The advantage to an employee can be seen from the following illustration. Assume employee A, who is single, incurred the following medical costs during 1989: 1) annual deductible under the Company's medical plan of $500; 2) employee's share of medical expenses partially covered under the medical plan of $1,600; 3) dental expenses not covered under the medical plan of $800; and 4) other medical expenses not covered under the medical plan of $700 for a total of $3,000. Also assume that employee A's adjusted gross income for 1989 is$100,000 in the absence of a salary reduction agreement. If employee A participated in the plan having elected a salary reduction of $3,000, he or she would receive reimbursement of up to this amount during the year.
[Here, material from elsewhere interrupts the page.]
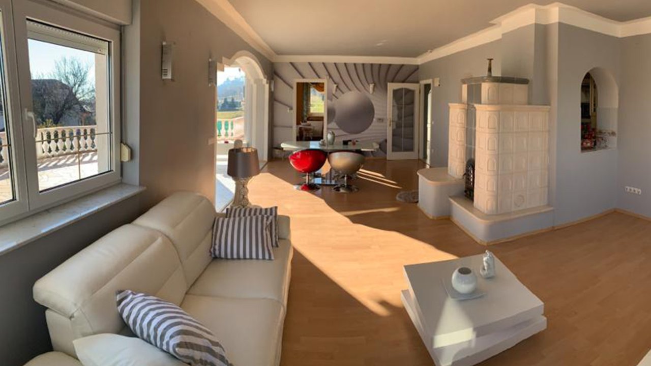 A nappali szinten egy nappali-étkező található kör alakú panorámás teraszokkal, az emeleten romantikus szobák fürdőszobával és terasszal. A házban gáz központi fűtés és cserépkályha is van.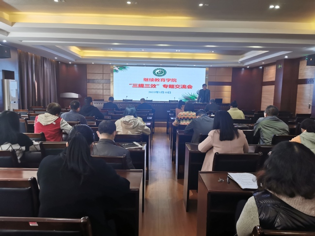 为更好地落实省委省政府“三提三效”部署要求,3月10日下午,继续教育学院在三楼学术报告厅召开“三提三效”专题交流会,全院教职工参加会议。院长苏时鹏主持会议。

Since the $3,000 is not subject to federal, state or local income tax, the adjusted gross income for 1989 would be reduced to $97,000 resulting in an income tax savings of $1,200 assuming a combined federal, state and local tax bracket of 40%. If, however, employee A did not elect a salary reduction arrangement he or she would have paid for the $3,000 of medical expenses with after-tax dollars. He or she would not be entitled to a medical expense deduction on the personal tax return since the total 1989 medical expenses of $3,000 does not exceed 7-1/2% of the 1989 adjusted gross income. To the extent an employee is under the social security wage base the plan would also save both the employee and employer social security tax.
FSA affords employees protection in case of termination. Since the employer must bear some of the risk under this health plan, an employee will be entitled to full reimbursement of the medical expenses incurred before termination up to the maximum amount designated under the plan. This is so even though it exceeds the amount that has been deducted from an employee's salary as of the date of termination. The excess amount is lost to the employer.
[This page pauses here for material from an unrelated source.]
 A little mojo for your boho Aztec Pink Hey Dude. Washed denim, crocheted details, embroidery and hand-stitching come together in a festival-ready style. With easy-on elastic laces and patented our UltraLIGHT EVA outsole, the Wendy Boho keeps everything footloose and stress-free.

Record Keeping Requirements
Employers who adopt a cafeteria plan are required to keep such records as necessary to determine whether they are in compliance with provisions contained in the IRC. For example, these records can be used to determine whether the plan wrongly discriminates in favor of certain highly compensated individuals such as officers of the company and shareholders owning more than 5% of the stock of the employer. In addition, employers are required to file an annual report with the IRS.
Today's changing economic environment has made it more beneficial for employers to establish a cafeteria plan on behalf of their employees. Determining the type of plan to set up involves the consideration of many factors, including the number of employees and their current needs.